En el campo académico Bautista Saavedra fue un destacado catedrático de la Facultad de Derecho y Ciencias Sociales (ahora Facultad de Derecho y Ciencias Políticas) de la Universidad Mayor de San Andrés (UMSA); su labor de investigador está reflejada en los siguientes títulos: Los orígenes del Derecho Penal y su historia, La criminalidad aymara en el proceso Mohoza (1901), El ayllu (1903), Defensa de los Derechos de Bolivia ante el Gobierno argentino en el litigio de fronteras con la República del Perú (1906), La democracia en nuestra historia (1921), Documentos para la historia (1929), y sus dos trabajos póstumos: El último jirón de la patria (1941) y La aurora de la independencia hispanoamericana (1977).
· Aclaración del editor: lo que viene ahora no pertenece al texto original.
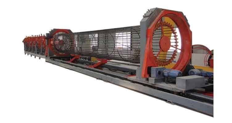 全自动钢筋笼成型机可自动一次性加工成型长度为12-27米钢筋笼。根据施工要求,钢筋笼的主筋通过人工穿过固定旋转盘及移动旋转盘转动把绕筋缠绕在主筋上(移动盘是一遍旋转一边后移),同时进行焊接,从而形成钢筋笼。该设备采用可编程控制器进行动作控钢筋笼滚焊机制,伺服动力系统为整机提供动力,设有液压辅助回转支撑机构和全自动焊枪,根据程序指令焊接,能够实现全自动焊接。

Tempranamente, Fernando Diez de Medina (1908-1990) afirmó en su ensayo Thunupa (1947): “Bautista Saavedra planta dos fieros hitos en la indagación vernácula, con El ayllu y La democracia en nuestra historia, libros señeros que deben consultarse junto con otros ensayos sociológicos y literarios del autor”. Saavedra el intelectual, en su ensayo La democracia en nuestra historia escribió: “El error sustancial de la democracia, ha estado en haberse proclamado como principio suyo la igualdad. En apoyo de ese principio se invocó la naturaleza; pero la naturaleza, que es una hermosa armonía de desigualdades, no ha hecho otra cosa que desmentir constantemente esta ilusión, porque un régimen de libertad no puede ser sino ambiente de florecimiento de desigualdades”. Este libro de Saavedra lastimosamente no tuvo una recepción académica favorable; es un aporte que merece ser estudiado por la originalidad de la temática, el nivel académico de la obra y, sobre todo, por ser un testimonio de espíritu crítico de la época.

Paradójicamente, Bautista Saavedra en la praxis política actuó en contrario a sus escritos. El periodista Gustavo Adolfo Otero (1896-1958) en sus Memorias (publicadas póstumamente en 1977) relata que ocurrida la muerte de José Manuel Pando (1848-1917), y el mismo momento que Saavedra supo de la noticia, dijo a sus partidarios: “Ése es un crimen político, tenemos que sostener eso, para acabar con los liberales”.

Las lecciones de la historia nunca terminan de enseñarnos y recordarnos ciertas similitudes con la actualidad. En lo teórico son personas demócratas, respetuosas de la normativa vigente, enemigas del compadrerío, del despotismo y del favoritismo, y esos mismos personajes en su accionar (una vez encaramados en el poder) actúan no necesariamente mejor que las criticadas y enraizadas prácticas de nuestra política. Los principios éticos, los valores democráticos, se los grita al viento y el poder en la praxis hace que queden en el papel lo ético y las buenas intenciones.